Его кровать была маленькой (ее перенесли из кладовки специально для этого случая), вероятно, это была детская кроватка его внука. Так что, несмотря на то, что дедушка был низеньким, кроватка была ему мала и ноги его свисали в пустоту. Его пепельная борода поднималась и опускалась в такт с неровным дыханием, вырывавшимся из его вдавленной груди. Карликовый золото-зеленый петушок – загадка, как он там очутился! – клевал остатки бисквита с глубокой фарфоровой тарелки.

Я подошел к деду, поцеловал ему руку и погладил лоб, горячий от жара.

– Скажи им, что мне жаль. Я не смогу к ним зайти. Но и эти добрые люди, зачем только они так торопятся?..

Дед видит то, чего никто другой не мог видеть. И разговаривает с теми, кого видел только он.

Однажды – как я понял из его спутанных слов – он видел свою подругу Клару, которая провожала на набережной скульптора Костаса Кулентияаноса в путь, ведущий к признанию и славе.

Я успокоил деда, обещав все им передать.

– Давай-ка я тебе сейчас дам глоточек молока, дедуля? Я вижу, что ты не притронулся к стакану, к сожалению. Я уберу пенку, которая тебе не нравится.

– Нет, – закричал он рассерженно и выпучил один глаз. – Ты им скажи, что дал мне и я все выпил. Послушай меня. У нас нет времени. Завтра утром, как только начнет светать, мы отправимся в путь. Тимофею, моему внуку, я не доверяю. Он, стоит мне повернуть голову в другую сторону, копается в моих ящиках и ворует у меня бумаги и карты, – прошептал он мне тихо на ухо. – Скажи Марку, извозчику, – продолжает он, – чтобы был тут в пять утра ровно. И не забудь принести мои нож и кирку. Завтра, прежде чем покажется солнце, мы выйдем на охоту. Раскопаем землю и найдем, наконец, зарытые мраморные статуи. Я слышу, как они кричат из-под земли. Они умоляют меня достать их из тьмы, снова вынести на свет…

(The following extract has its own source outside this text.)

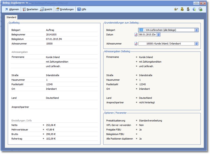 3. Überprüfen Sie die hier angezeigten Einstellungen und nehmen Sie bei Bedarf noch Änderungen (z.B. an Belegart oder Adressnummer) vor. 4. Klicken Sie auf den Menüeintrag "Bearbeiten > Duplikationsart". 5. Aktivieren Sie hier den Radiobutton "Nur bestimmte Positionen duplizieren" und klicken Sie auf <Zurück>. 6. Starten Sie die Duplikation anschließend mit [F9].

Дед прекратил говорить – это слишком его утомило, и позволил своей голове утонуть в подушке. Из его глаза, по-прежнему открытого, вытекла жирная капля гноя, и я осторожно ее убрал. Он все еще не закрывал глаз, хотя было очевидно, что теперь он смотрел на меня и не видел.

Я вышел из комнаты и поднялся по лестнице. В ту самую минуту, когда я заходил в комнатку, где была импровизированная столовая, туда же заходила и Деспина, старая кухарка этой семьи. Мы чуть было не стукнулись лбами, но я успел увернуться и подхватил почти уже на лету супницу, которую она несла, благоухавшую яично-лимонным соусом, свеженарезанным укропом и ванилью.

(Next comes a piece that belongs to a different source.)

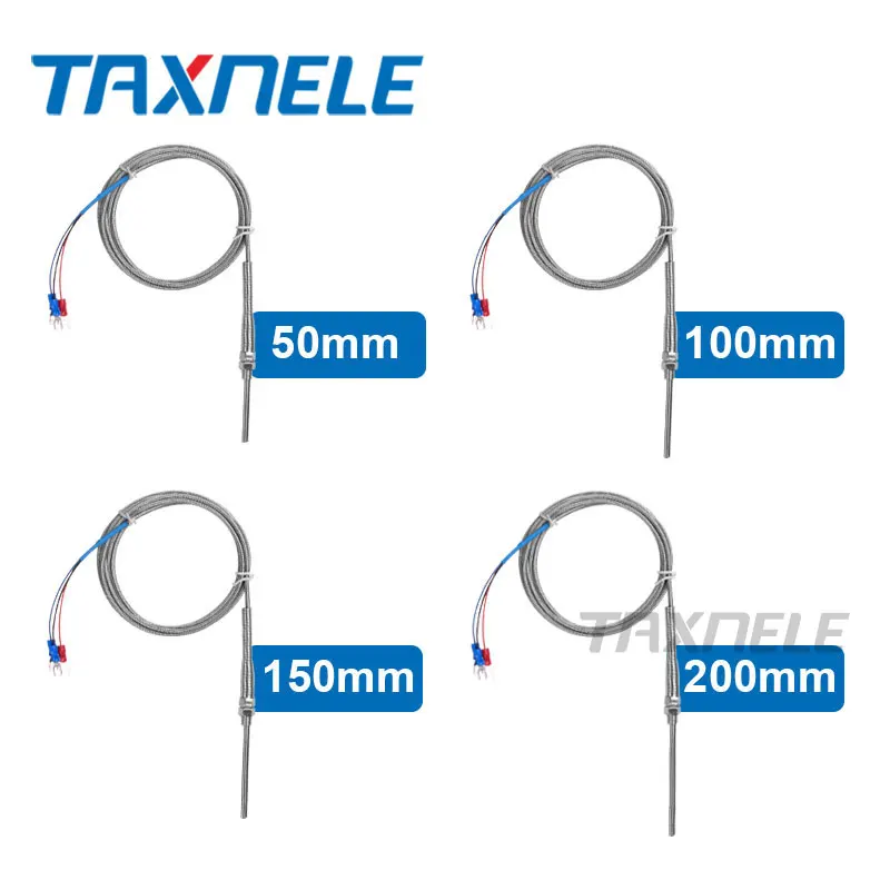 Тип: K J Pt100 Диапазон измерения: K:0-600 °C J:0-600 °C Pt100:-200 ~ 450 °C Длина кабеля: 2 метра Длина зонда: 50 мм, 100 мм, 150 мм, 200 мм Диаметр зонда: 5 мм Резьба: М8 с гайкой Клемма: вилки с изоляцией 2/3 Материал зонда: нержавеющая сталь Хорошее качество провода, высокая термостойкость, высокая плотность Дисплей продукта

За столом сидели две дочери деда (обе в черном, вдовы, они сидели на соломенных стульях с высокими спинками, у младшей ноги свешивались в пяди от пола, словно сморщенные стручки перца). Рядом с ними Тимофей, сын старшей сестры, пытался завязать вокруг горла салфетку, он ее только что достал из костяного кольца.

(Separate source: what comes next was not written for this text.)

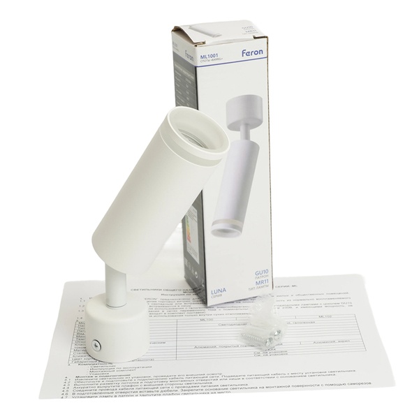 Накладной, поворотный, ламповый светильник акцентного освещения, под 1 лампу с цоколем GU10 мощностью до 35 Ватт, цвет белый 51370

– Садись, – сказали мне в один голос обе женщины, – не стой зря. Конечно, мы не ожидали тебя увидеть («Ты пришел без приглашения, – хотели они сказать, – да еще и во время обеда»), так что у нас сегодня на столе нет ничего особенного. Но ты тоже садись, поешь с нами, мы поделимся всем, что есть, и всем, что найдем.

Пока они все это говорили, Деспина появилась во второй раз. Она зашла, напыщенно-горделиво неся в этот раз продолговатый посеребренный поднос с крышкой, оставшейся, очевидно, от другого блюда, меньшей ширины и глубины, крышка не закрывала поднос полностью, и можно было с легкостью разглядеть его содержимое. И под крышкой явно угадывались ножки поджаристой аппетитной индейки.

У меня потекли слюнки. «Эта поджаристая корочка будет таять во рту, словно масло, она может даже мертвого поднять», – подумал я. Но не успел я хорошенько подумать об этом, как Деспина вместо того, чтобы сделать шаг вперед и поставить, как я ожидал, блюдо на стол, развернулась на месте с проворством, которому мог бы позавидовать самый ловкий акробат, и, сделав небольшой шаг назад, с индейкой в обнимку скрылась за кухонной дверью.

Что же произошло? Может, я неверно все понял? Я потер глаза. Но мне было неловко спрашивать о случившемся, и потом, какого рода объяснений я мог потребовать? Моя память, мой верный союзник в самые трудные моменты, не отказала мне и в этот раз. Во мгновение ока все прояснилось. Просто-напросто Деспина, подчиняясь тайному языку, принятому у хозяев, послушалась запретного жеста сестер, поданного хоть незаметно и осторожно, но все же не ускользнувшего от моего внимания. Но поскольку они начали подозревать, что я что-то понял, сочли необходимым оправдать свое поведение.

– Это остатки вчерашнего ужина. Мы не можем позволить себе подавать объедки родственникам и друзьям, – сказала старшая. И добавила: – Сегодня мы будем есть свежую пищу: травы, вареный картофель и яичный омлет.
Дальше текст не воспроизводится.